--- Task directions ---
Copy every entry verbatim and skip the pictures.

---

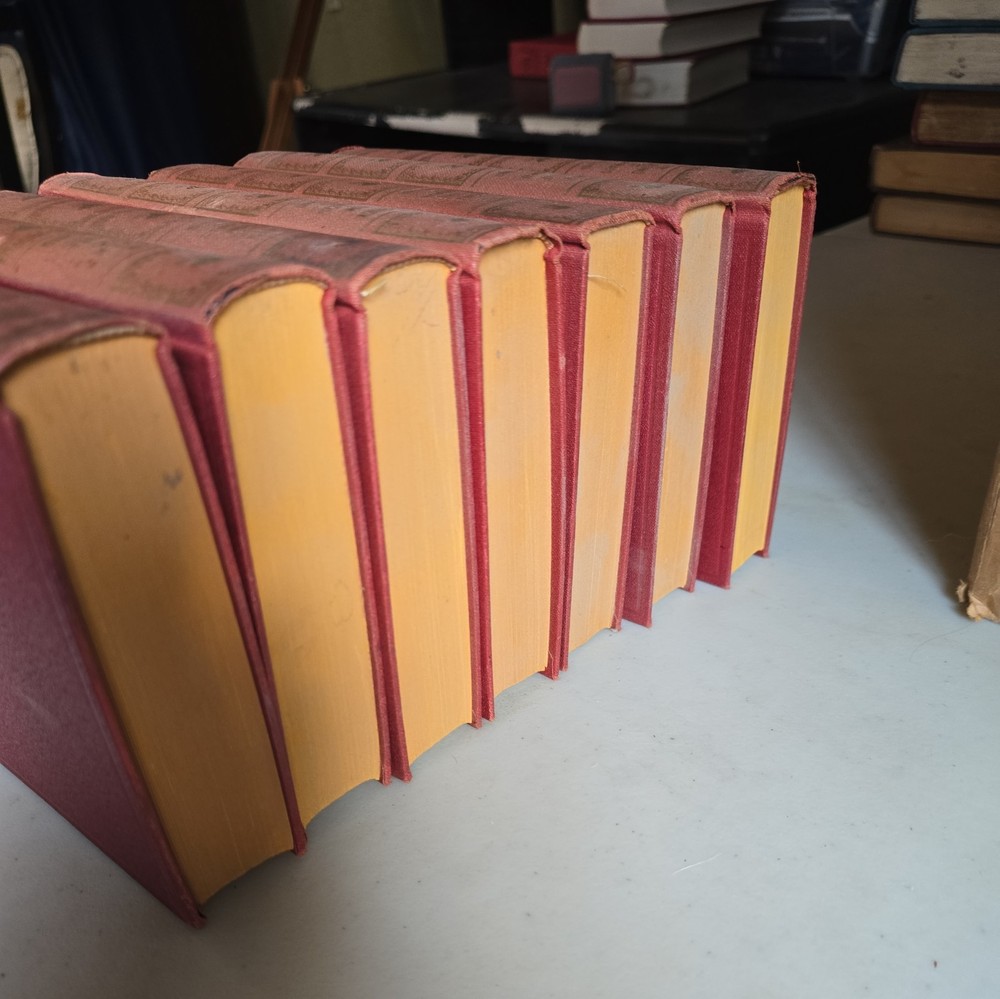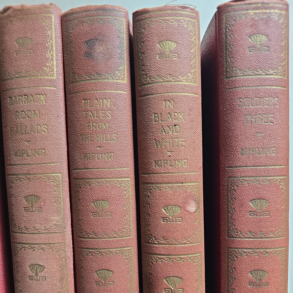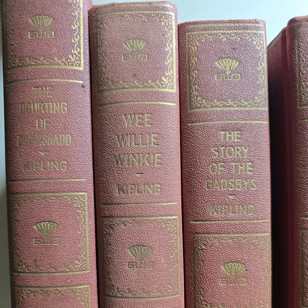 This product is a collection of 7 vintage Rudyard Kipling books published by Standard Book Co. in 1930. "The Courting of Dinah Shadd", "Wee Willie Winkle", The Story of the Gadsbys", "Barrack Room Ballads", "Plain Tales from the Hills", "In Black and White", and "Soldiers Three". The books are bound in leather and printed in English. They were published in London and New York by the Standard Book Company. The literature and fiction works by Rudyard Kipling are a valuable addition to any collector's library, especially for fans of classic British authors like Kipling.
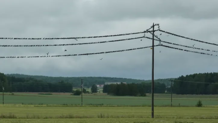Solch große Ansammlungen von Saatkrähen auf Überlandleitungen gab es in meiner Jugend auch in Deutschland.
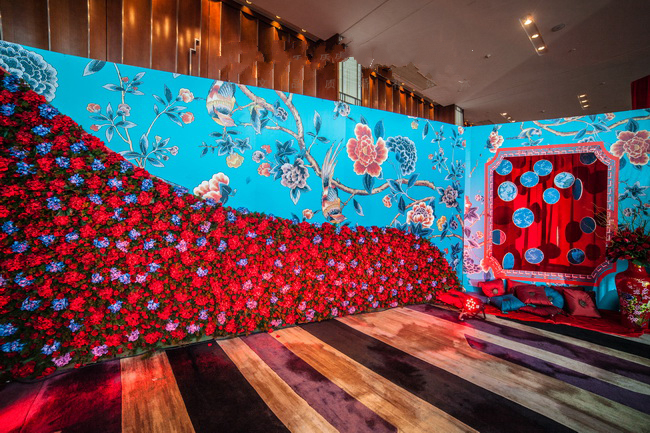3、签到区个性主题KT板背景设计以及中式摆件(文房四宝一套,算盘一个,梳子一把,剪刀一把,尺子一把,古典镜子一面,中式花瓶一套五谷丰登斗一套)
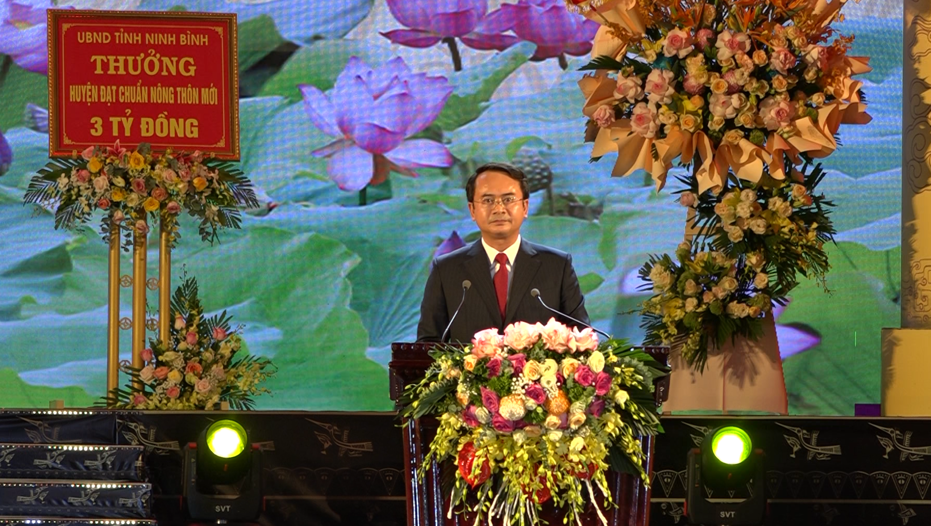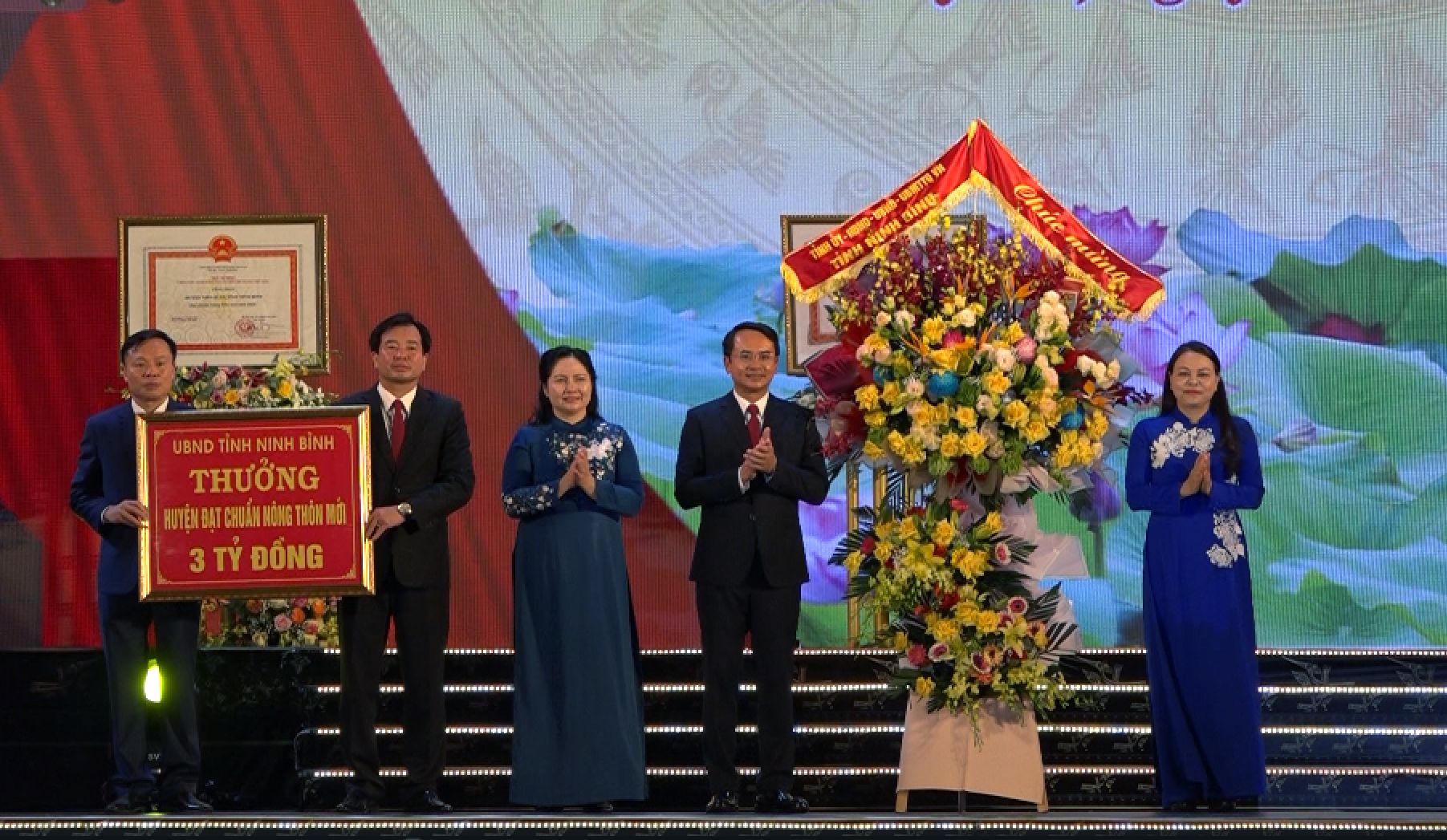 Bí thư Tỉnh ủy Ninh Bình trao hoa và thưởng cho huyện Nho Quan. |
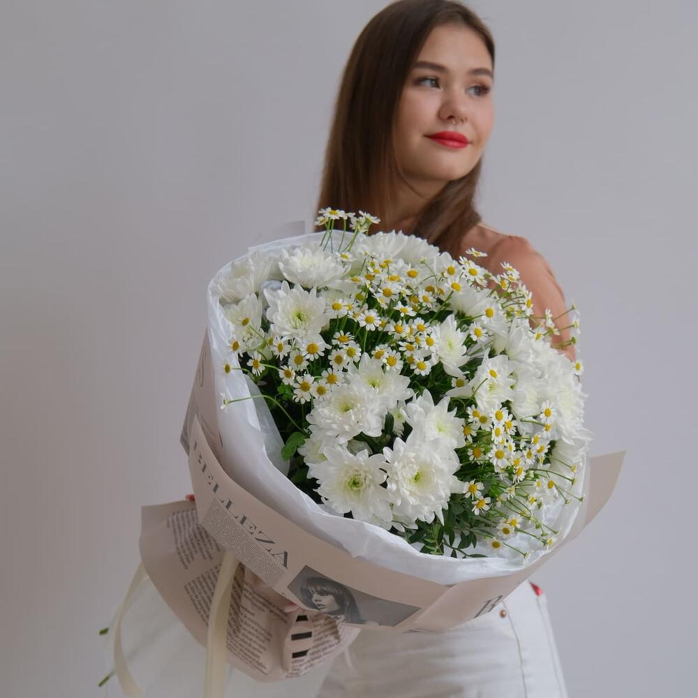 Букет "Ромашковое поле" кустовая хризантема, полевая ромашка в Кондрово
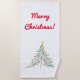 Características deste design de toalha de praia uma representação artística de uma árvore de Natal decorada, junto com o cumprimento morno, "Feliz Natal!".
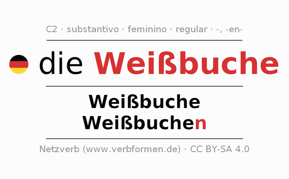 - Singular: die Weißbuche, der Weißbuche, der Weißbuche, die Weißbuche
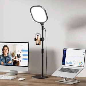 Ring Light with Stand for Zoom Meetings, 360° Rotate 10.5" Zoom Lighting for Computer Video Conference Light Desk Light, Full-Screen LED Lighting with Phone Holder for Live Streaming, Video Call
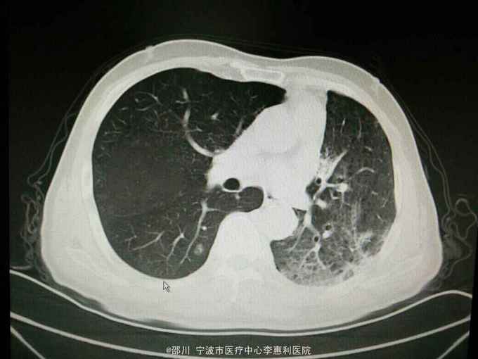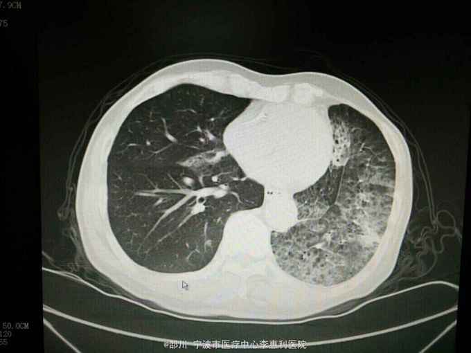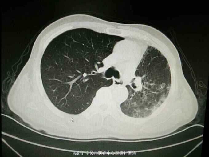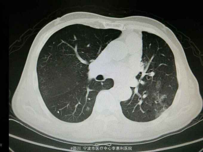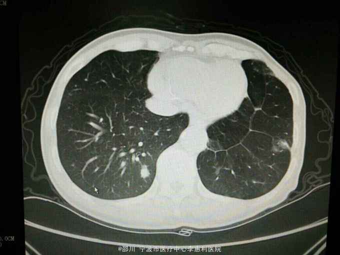 患者男,69岁。左上肺腺癌术后3年余,因“咳嗽咳痰半月余”入院。 病史: 3年余前无明显诱因出现咳嗽,少量白痰,无咯血,无胸痛,至上海某医院就诊,诊断为“左肺阴影:肺癌?”,于2012-5-17全麻下行“左肺上叶切除术”,术后病理提示“肺腺癌”,随后予2012-6-26和2012-8-2在宁波某医院行化疗2个周期(培美曲塞针0.8d1, 卡铂针0.4d1) , 以后定期复查胸部CT和血肿瘤标志物,未发现明显肿瘤复发征象。2015-4-23患者在我院查胸部CT提示“左肺多发炎症样高密度影,右肺多发结节”。半月余前患者出现咳嗽,有少量白痰,无发热,无胸闷气促,2015-10-30我院复查胸部CT提示“左肺弥漫性高密度影,右肺散在多发结节,较4-23片范围,大小均增大”。 既往有“高血压病”史3年,平时规律服用药物治疗,血压控制良好。否认其他疾病史。 个人史,婚育史,家族史无殊。 2015-4-23我院胸部CT见下图。

---

--- Your solution ---
 This product is a collection of 7 vintage Rudyard Kipling books published by Standard Book Co. in 1930. "The Courting of Dinah Shadd", "Wee Willie Winkle", The Story of the Gadsbys", "Barrack Room Ballads", "Plain Tales from the Hills", "In Black and White", and "Soldiers Three". The books are bound in leather and printed in English. They were published in London and New York by the Standard Book Company. The literature and fiction works by Rudyard Kipling are a valuable addition to any collector's library, especially for fans of classic British authors like Kipling.
Solch große Ansammlungen von Saatkrähen auf Überlandleitungen gab es in meiner Jugend auch in Deutschland.
3、签到区个性主题KT板背景设计以及中式摆件(文房四宝一套,算盘一个,梳子一把,剪刀一把,尺子一把,古典镜子一面,中式花瓶一套五谷丰登斗一套)
 Bí thư Tỉnh ủy Ninh Bình trao hoa và thưởng cho huyện Nho Quan. |
 Букет "Ромашковое поле" кустовая хризантема, полевая ромашка в Кондрово
 Características deste design de toalha de praia uma representação artística de uma árvore de Natal decorada, junto com o cumprimento morno, "Feliz Natal!".
 - Singular: die Weißbuche, der Weißbuche, der Weißbuche, die Weißbuche
 Ring Light with Stand for Zoom Meetings, 360° Rotate 10.5" Zoom Lighting for Computer Video Conference Light Desk Light, Full-Screen LED Lighting with Phone Holder for Live Streaming, Video Call
 患者男,69岁。左上肺腺癌术后3年余,因“咳嗽咳痰半月余”入院。 病史: 3年余前无明显诱因出现咳嗽,少量白痰,无咯血,无胸痛,至上海某医院就诊,诊断为“左肺阴影:肺癌?”,于2012-5-17全麻下行“左肺上叶切除术”,术后病理提示“肺腺癌”,随后予2012-6-26和2012-8-2在宁波某医院行化疗2个周期(培美曲塞针0.8d1, 卡铂针0.4d1) , 以后定期复查胸部CT和血肿瘤标志物,未发现明显肿瘤复发征象。2015-4-23患者在我院查胸部CT提示“左肺多发炎症样高密度影,右肺多发结节”。半月余前患者出现咳嗽,有少量白痰,无发热,无胸闷气促,2015-10-30我院复查胸部CT提示“左肺弥漫性高密度影,右肺散在多发结节,较4-23片范围,大小均增大”。 既往有“高血压病”史3年,平时规律服用药物治疗,血压控制良好。否认其他疾病史。 个人史,婚育史,家族史无殊。 2015-4-23我院胸部CT见下图。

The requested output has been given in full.